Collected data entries
────────────────────

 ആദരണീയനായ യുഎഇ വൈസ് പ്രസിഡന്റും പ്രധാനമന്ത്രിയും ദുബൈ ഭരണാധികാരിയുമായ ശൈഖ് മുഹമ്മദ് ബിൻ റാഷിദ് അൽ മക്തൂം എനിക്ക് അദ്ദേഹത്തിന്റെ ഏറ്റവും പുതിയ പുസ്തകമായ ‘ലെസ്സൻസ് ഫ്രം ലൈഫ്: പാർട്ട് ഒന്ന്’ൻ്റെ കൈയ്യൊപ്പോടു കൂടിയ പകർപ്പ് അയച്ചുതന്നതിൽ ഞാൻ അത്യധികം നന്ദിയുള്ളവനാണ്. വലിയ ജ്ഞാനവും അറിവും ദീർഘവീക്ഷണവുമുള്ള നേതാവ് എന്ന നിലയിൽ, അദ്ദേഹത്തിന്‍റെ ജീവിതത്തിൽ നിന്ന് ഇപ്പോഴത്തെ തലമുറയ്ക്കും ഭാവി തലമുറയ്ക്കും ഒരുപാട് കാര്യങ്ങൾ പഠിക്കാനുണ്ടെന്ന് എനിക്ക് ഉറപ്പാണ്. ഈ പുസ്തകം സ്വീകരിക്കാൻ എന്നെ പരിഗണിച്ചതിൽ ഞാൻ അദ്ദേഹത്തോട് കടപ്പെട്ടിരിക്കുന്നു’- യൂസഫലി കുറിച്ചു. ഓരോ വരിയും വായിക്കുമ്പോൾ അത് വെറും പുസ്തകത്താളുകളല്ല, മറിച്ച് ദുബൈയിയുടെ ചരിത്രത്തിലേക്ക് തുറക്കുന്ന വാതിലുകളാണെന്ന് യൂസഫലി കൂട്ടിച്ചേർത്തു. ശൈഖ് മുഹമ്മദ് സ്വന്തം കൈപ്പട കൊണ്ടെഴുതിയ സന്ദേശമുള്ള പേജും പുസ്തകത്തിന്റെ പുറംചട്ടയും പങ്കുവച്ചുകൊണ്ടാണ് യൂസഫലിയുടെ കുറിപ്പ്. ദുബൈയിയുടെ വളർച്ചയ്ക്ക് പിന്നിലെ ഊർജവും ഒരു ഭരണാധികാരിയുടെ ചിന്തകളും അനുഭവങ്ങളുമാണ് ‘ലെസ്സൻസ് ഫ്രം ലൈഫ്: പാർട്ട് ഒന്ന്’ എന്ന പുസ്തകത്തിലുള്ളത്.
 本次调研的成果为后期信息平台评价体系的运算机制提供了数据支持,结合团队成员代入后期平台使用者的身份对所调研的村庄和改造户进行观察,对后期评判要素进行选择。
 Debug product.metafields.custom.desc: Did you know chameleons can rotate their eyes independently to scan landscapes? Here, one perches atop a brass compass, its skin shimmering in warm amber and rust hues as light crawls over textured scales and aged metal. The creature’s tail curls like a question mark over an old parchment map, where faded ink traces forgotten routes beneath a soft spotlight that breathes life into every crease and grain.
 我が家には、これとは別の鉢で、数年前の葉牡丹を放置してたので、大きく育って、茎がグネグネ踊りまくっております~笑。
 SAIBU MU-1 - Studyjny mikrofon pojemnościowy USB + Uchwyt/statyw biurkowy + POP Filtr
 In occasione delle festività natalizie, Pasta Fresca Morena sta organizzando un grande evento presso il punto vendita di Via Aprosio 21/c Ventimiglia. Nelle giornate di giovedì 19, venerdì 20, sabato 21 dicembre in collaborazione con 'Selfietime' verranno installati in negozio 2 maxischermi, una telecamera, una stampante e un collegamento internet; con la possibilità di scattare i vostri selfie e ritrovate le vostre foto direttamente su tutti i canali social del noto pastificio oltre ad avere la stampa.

────────────────────

● Problem description
All that is wanted is a faithful reproduction of the line above with "Debug product.metafields.custom.desc: Did", the line with "我が家には、これとは別の鉢で", and every line in between.

● Your response
 Debug product.metafields.custom.desc: Did you know chameleons can rotate their eyes independently to scan landscapes? Here, one perches atop a brass compass, its skin shimmering in warm amber and rust hues as light crawls over textured scales and aged metal. The creature’s tail curls like a question mark over an old parchment map, where faded ink traces forgotten routes beneath a soft spotlight that breathes life into every crease and grain.
 我が家には、これとは別の鉢で、数年前の葉牡丹を放置してたので、大きく育って、茎がグネグネ踊りまくっております~笑。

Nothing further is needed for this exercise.